Bridging the Gap Between Monaural Speech Enhancement and Recognition with Distortion-Independent Acoustic Modeling
This addresses the gap between speech enhancement and recognition for ASR systems, but is incremental as it builds on existing methods.
The paper tackles the problem that enhanced speech does not improve automatic speech recognition (ASR) performance due to distortions, and finds that distortion-independent acoustic modeling overcomes this issue, outperforming the previous best system on the CHiME-2 corpus.
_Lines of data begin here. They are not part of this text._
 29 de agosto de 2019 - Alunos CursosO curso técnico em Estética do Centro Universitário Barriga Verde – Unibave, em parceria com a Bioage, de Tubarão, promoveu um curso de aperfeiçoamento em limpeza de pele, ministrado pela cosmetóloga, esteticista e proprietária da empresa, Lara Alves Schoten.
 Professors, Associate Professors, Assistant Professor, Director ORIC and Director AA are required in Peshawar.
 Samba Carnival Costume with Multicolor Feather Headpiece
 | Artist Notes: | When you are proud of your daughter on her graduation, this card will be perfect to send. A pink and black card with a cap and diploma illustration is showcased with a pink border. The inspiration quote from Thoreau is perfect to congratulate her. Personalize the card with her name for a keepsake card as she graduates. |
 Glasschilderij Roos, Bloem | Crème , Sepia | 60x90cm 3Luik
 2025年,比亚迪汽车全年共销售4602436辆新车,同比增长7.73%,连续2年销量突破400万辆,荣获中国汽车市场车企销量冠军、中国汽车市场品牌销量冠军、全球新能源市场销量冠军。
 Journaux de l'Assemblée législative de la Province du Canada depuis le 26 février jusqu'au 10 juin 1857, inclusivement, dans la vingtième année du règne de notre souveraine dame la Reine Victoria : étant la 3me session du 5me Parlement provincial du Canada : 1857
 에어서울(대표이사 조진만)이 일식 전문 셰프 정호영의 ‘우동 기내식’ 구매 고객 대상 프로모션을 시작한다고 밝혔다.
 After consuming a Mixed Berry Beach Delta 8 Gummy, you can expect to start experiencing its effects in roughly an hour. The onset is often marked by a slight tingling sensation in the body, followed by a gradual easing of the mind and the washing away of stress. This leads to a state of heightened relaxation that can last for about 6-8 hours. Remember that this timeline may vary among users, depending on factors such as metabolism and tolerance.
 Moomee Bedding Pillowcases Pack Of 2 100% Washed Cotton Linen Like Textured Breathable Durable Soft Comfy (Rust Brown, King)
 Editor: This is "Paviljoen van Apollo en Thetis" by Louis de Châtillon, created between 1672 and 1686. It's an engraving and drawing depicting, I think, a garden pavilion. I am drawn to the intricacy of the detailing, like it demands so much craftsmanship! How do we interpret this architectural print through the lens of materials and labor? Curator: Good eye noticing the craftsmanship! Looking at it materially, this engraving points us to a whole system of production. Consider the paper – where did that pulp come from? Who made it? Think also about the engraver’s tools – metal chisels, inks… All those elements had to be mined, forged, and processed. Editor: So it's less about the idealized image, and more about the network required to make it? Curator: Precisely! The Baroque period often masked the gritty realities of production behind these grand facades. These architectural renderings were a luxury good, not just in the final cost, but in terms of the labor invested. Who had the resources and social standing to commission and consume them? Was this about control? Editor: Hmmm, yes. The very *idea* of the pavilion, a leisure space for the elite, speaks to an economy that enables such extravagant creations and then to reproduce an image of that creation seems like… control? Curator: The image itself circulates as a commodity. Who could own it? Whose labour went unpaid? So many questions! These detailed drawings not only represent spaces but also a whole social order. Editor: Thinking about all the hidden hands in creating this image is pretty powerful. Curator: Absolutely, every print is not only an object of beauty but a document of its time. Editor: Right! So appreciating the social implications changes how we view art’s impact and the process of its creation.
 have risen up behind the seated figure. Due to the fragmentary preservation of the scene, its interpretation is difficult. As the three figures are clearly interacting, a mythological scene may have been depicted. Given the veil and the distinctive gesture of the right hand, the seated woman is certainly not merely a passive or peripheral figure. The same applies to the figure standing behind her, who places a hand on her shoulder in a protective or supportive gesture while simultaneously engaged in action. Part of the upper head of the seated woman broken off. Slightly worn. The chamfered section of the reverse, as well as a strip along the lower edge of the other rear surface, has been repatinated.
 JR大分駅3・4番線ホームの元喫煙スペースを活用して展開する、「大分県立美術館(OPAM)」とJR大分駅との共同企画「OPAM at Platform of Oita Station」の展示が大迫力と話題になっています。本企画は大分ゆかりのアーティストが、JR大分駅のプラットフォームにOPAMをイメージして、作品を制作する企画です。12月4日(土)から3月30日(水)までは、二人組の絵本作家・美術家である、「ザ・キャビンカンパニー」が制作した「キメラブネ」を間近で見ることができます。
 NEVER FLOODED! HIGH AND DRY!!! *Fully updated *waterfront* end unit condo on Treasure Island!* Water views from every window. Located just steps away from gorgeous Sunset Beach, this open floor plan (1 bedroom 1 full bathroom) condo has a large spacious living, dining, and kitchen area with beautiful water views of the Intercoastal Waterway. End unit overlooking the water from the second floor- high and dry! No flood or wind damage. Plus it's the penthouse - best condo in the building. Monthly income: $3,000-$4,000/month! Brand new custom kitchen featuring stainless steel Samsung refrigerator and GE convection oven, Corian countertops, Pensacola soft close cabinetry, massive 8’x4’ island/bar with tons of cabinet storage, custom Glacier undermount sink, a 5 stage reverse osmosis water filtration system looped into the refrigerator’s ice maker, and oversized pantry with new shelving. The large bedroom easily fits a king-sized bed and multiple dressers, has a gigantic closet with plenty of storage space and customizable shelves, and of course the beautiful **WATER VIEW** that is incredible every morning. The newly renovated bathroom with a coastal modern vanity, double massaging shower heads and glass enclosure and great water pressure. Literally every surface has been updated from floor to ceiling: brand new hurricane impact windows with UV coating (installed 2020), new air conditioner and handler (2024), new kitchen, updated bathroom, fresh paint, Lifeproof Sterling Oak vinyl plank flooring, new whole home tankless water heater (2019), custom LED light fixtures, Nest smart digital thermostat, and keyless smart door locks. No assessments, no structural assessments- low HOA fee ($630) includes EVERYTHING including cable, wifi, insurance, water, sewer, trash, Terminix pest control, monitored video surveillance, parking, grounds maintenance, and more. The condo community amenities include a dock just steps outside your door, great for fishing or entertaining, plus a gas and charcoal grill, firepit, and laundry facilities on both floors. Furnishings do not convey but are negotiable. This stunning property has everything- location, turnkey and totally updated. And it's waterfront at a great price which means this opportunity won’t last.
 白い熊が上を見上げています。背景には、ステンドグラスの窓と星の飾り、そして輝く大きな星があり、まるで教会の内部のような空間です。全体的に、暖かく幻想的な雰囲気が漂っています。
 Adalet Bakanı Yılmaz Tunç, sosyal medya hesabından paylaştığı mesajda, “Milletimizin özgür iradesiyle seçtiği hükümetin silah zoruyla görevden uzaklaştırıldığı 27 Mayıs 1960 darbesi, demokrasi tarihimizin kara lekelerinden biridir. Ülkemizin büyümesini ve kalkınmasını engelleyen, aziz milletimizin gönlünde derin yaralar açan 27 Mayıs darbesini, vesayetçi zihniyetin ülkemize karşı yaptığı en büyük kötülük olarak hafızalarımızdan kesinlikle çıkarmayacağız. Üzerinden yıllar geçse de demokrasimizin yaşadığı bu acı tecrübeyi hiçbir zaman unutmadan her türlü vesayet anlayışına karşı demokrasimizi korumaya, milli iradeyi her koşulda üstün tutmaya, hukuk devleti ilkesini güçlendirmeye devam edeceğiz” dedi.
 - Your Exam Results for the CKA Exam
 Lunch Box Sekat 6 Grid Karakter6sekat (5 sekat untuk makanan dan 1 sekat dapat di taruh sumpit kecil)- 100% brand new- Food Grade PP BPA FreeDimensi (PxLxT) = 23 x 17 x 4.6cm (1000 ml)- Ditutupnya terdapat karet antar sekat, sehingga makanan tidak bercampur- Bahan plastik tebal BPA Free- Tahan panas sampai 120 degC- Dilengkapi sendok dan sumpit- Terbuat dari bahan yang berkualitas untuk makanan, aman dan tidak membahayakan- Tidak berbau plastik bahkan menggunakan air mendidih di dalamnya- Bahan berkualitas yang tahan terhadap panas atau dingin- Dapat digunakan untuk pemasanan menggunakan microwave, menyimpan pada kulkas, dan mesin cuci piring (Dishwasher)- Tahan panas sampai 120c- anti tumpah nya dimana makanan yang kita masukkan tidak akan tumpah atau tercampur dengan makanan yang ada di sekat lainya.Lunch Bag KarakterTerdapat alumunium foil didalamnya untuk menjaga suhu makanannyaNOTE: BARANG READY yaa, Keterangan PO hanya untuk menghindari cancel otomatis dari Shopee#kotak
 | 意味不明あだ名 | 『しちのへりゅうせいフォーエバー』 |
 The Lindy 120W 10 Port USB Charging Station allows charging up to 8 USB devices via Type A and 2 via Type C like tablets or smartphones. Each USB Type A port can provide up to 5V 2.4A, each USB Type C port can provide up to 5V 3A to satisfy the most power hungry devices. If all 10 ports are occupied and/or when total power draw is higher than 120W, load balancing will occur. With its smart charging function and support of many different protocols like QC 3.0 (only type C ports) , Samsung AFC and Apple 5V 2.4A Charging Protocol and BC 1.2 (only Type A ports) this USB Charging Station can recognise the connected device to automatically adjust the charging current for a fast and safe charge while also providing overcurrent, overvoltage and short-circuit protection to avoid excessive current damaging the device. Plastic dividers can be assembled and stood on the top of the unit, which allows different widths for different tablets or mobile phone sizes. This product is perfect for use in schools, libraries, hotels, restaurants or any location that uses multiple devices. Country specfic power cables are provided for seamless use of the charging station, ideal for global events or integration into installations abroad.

Monaural speech enhancement has made dramatic advances since the introduction of deep learning a few years ago. Although enhanced speech has been demonstrated to have better intelligibility and quality for human listeners, feeding it directly to automatic speech recognition (ASR) systems trained with noisy speech has not produced expected improvements in ASR performance. The lack of an enhancement benefit on recognition, or the gap between monaural speech enhancement and recognition, is often attributed to speech distortions introduced in the enhancement process. In this study, we analyze the distortion problem, compare different acoustic models, and investigate a distortion-independent training scheme for monaural speech recognition. Experimental results suggest that distortion-independent acoustic modeling is able to overcome the distortion problem. Such an acoustic model can also work with speech enhancement models different from the one used during training. Moreover, the models investigated in this paper outperform the previous best system on the CHiME-2 corpus.